Education in Virtual Worlds, Second Life

Summary of Journal on Online Education’s lastest issue

Kerrie Smith, who writes about online communites in Australia for You Are Never Alone, recently summed up the latest issue of the Journal of Online Education.

Smith is taken with the idea that older technologies need not be discarded or ignored in the face of shiny new technologies. One of the articles compares MOOs (MUD object oriented text-based games) to newer MUVEs (Multiuser Virtual Environments) and how the later-era MVUEs are using the lessons from earlier versions. She quotes from one of the articles in the issue (available here; registration required, but free) that talks about Second Life. The authors, Rochelle Mazar and Jason Nolan, write:

The structure of Second Life allows us to forget that communication is itself part of the constructed space. Rather than merely building a classroom space in Second Life, consider building an environment that reacts directly to student activity in a fun or surprising way. For example, a recent build called “Cancerland: A Thyroid Cancer Narrative by Hilde Hullabaloo” (Mazar 2008) uses transparent objects that visitors walk through to initiate the various phases that move the narrative forward. Walking through these veil-like objects triggers audio clips that become layered voices, situating the visitor more intimately within the personal, medical experience described than merely walking through an exhibit or clicking on objects would allow. Cancerland is alive, as it were, with these voices, each located within its own object, in a way that offers a more rich experience, one that is different for every visitor who moves through the narrative as each moves on her own path.
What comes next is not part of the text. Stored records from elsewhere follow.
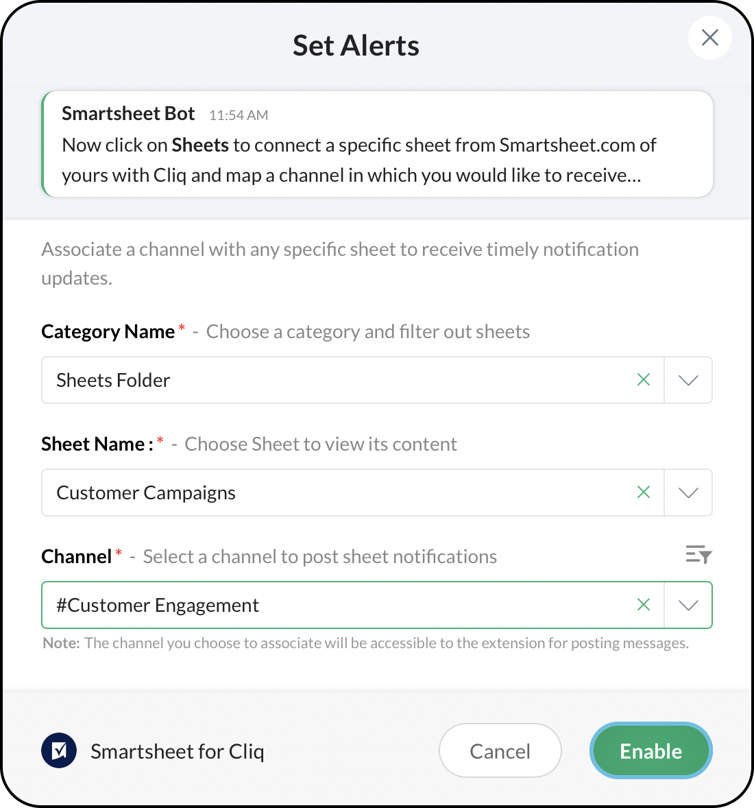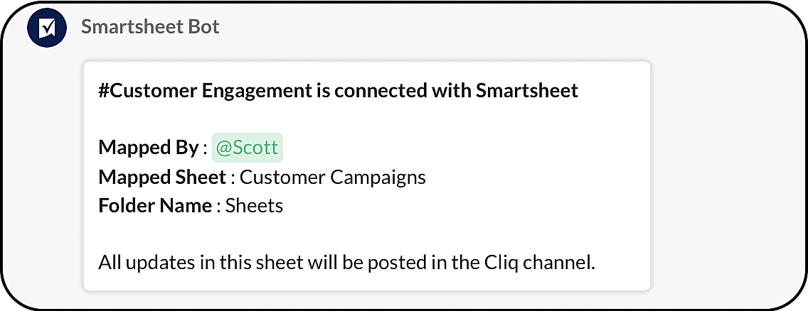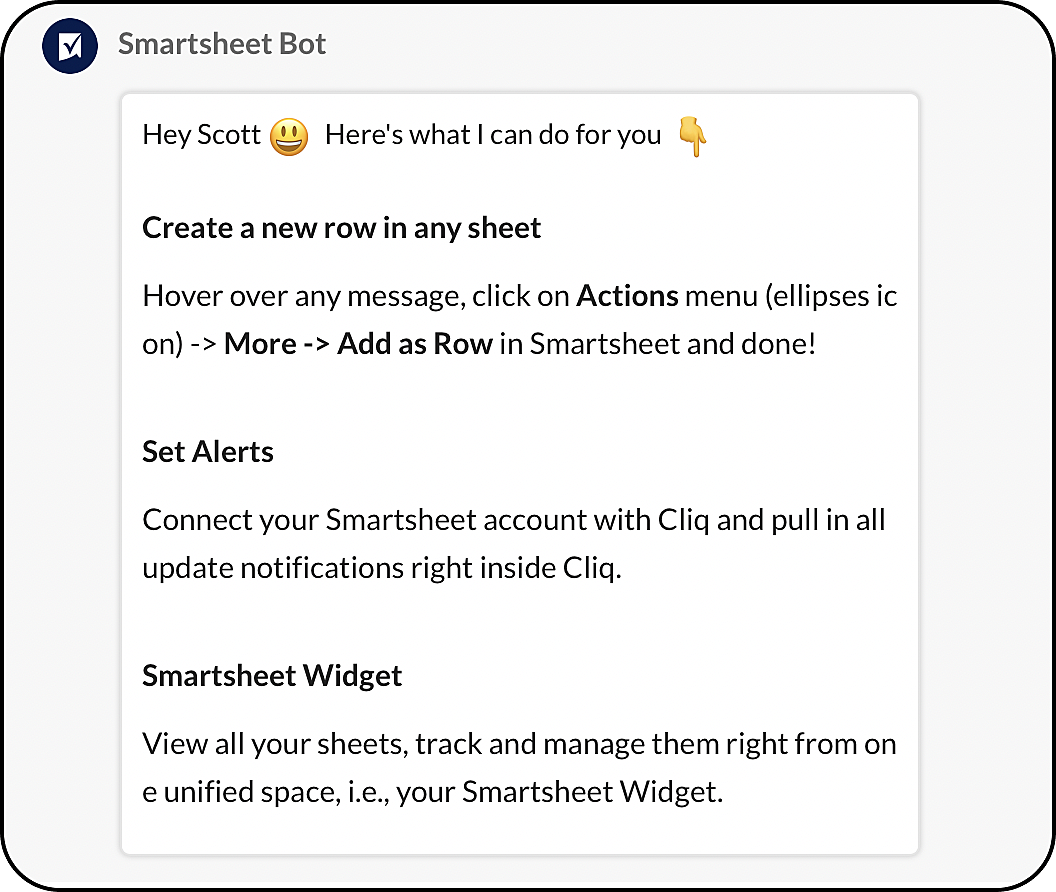 After successful installation of Smartsheet you will receive a welcome message along with a tour on how to use the extension. Using the Smartsheet bot, you can map a sheet to a Cliq channel and receive instant notifications on updates of the sheet in the channel.
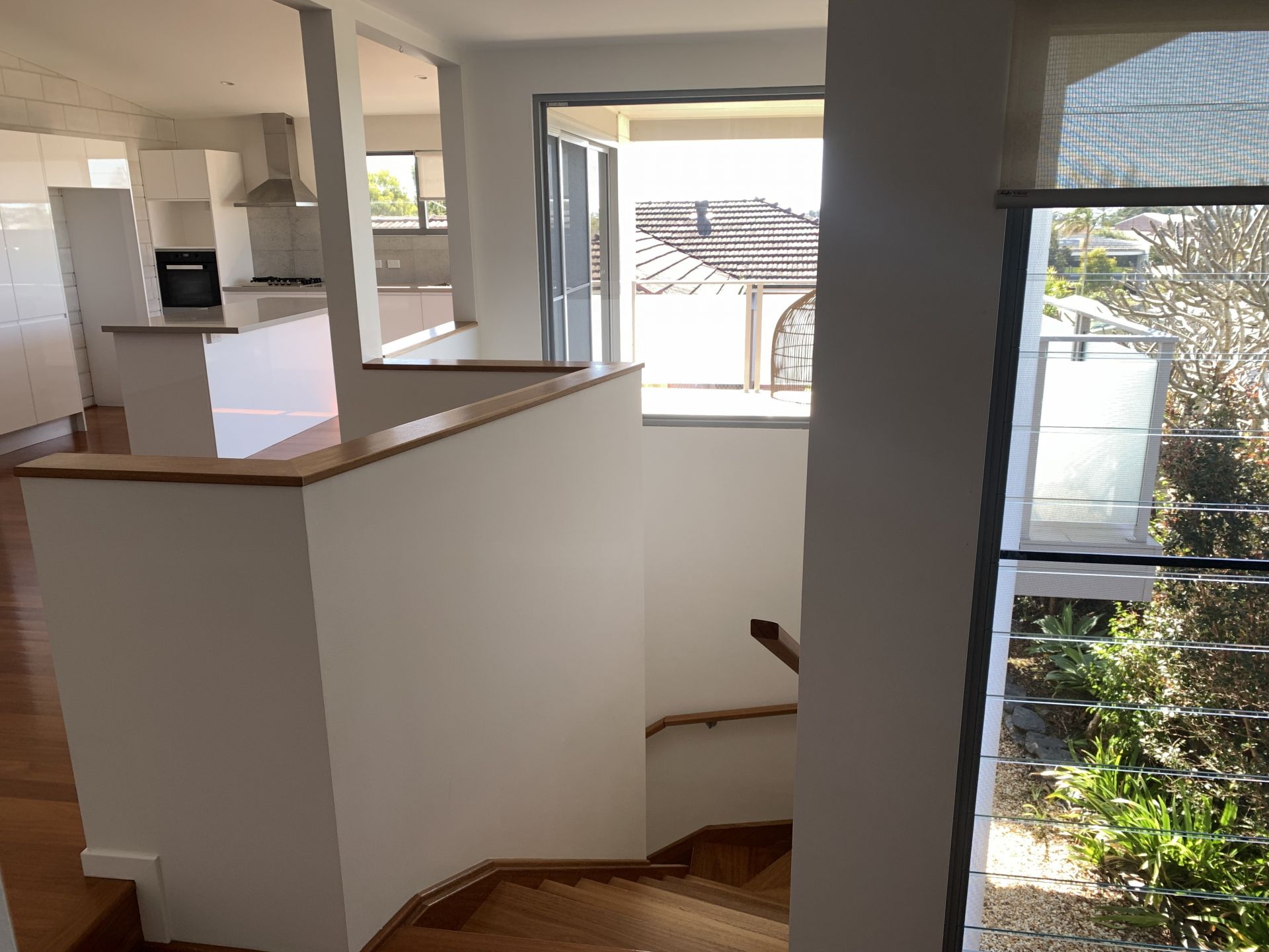 GROUND FLOOR: Open plan kitchen/dining/lounge with polished timber floors with a north facing tiled balcony with ocean views. An entertainers delight! Office nook, powder room, DLUG.
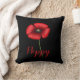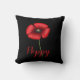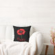 A red poppy on a black throw pillow with space for your name. It's double sided with more poppies on the reverse
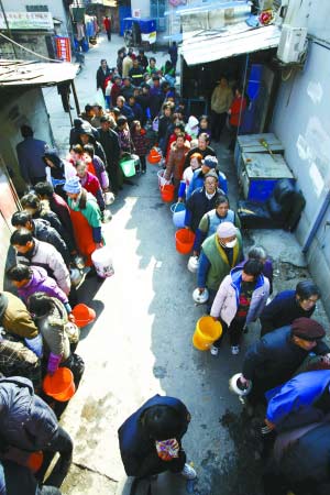 目前,松江當(dāng)?shù)鼐用袂榫w比較平穩(wěn),有序地在送水車或消防龍頭前排隊等候取水。
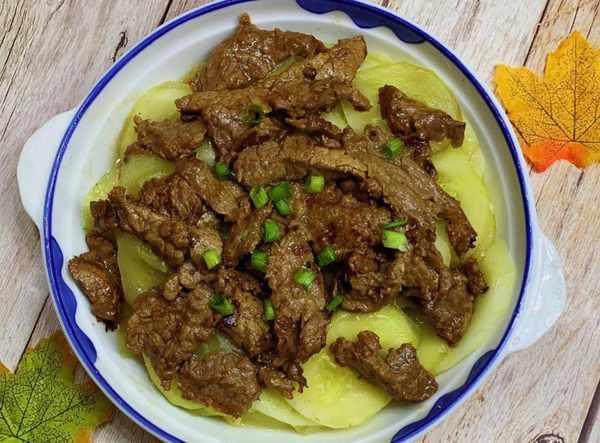 3、锅中下油煎香牛肉、7分熟就舀起来,再下油翻炒青瓜片刻把牛肉放下去,翻拌炒熟撒上葱花即可。
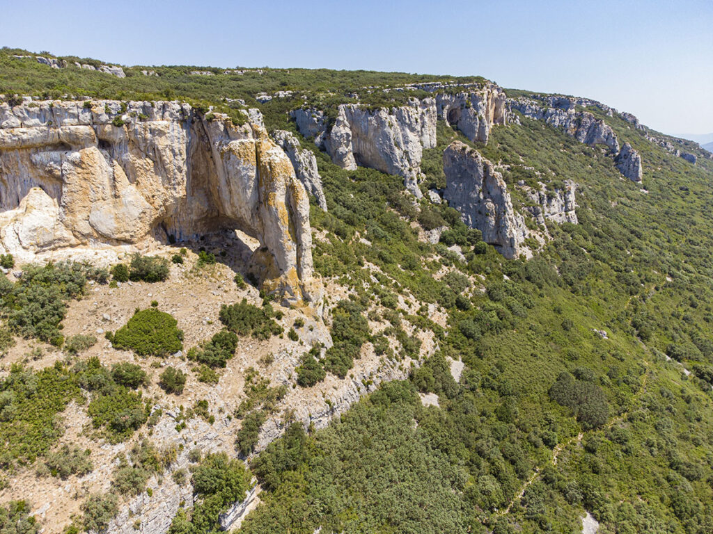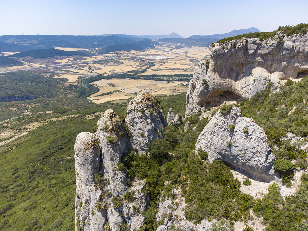Ce massif est connu des randonneurs car il abrite deux grandes arches naturelles. Rejoindre l’arche de Liroz et l’arche de Lumbier n’est pas vraiment une partie de plaisir. Si vous souhaitez les voir, ce sera une autre randonnée! 🙂 Depuis le parking de la piscine municipale de Lumbier (ou alors depuis le parking du canyon), il faudra gravir le massif jusqu’à l’ermitage de la Trinidad. Ensuite, il faudra suivre un sentier balisé de points rouges au sol, et pas forcément facile à suivre dans la végétation. En longeant de très près le précipice, il faudra descendre par quelques passages à la limite de l’escalade en s’aidant de chaines fixées dans la roche.
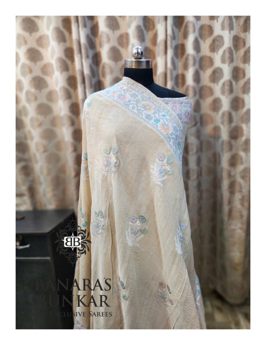 Banarasi Handloom Pure Khaddi Tussar Georgette Saree with Elegant Resham Floral Buti & Silver Zari Weaving

Smith then quotes the conclusion to this article that reiterates a similar point:

What is perhaps most surprising about working first in the text-based virtual world of MOOs and then in the highly visual, three-dimensional Second Life is how remarkably similar they are; Second Life represents an important step in the development of virtual spaces used for learning, but it is not the first of its kind nor are its problems and constraints unique. While the technologies driving MOOs and Second Life are different, the challenges for educators remain the same.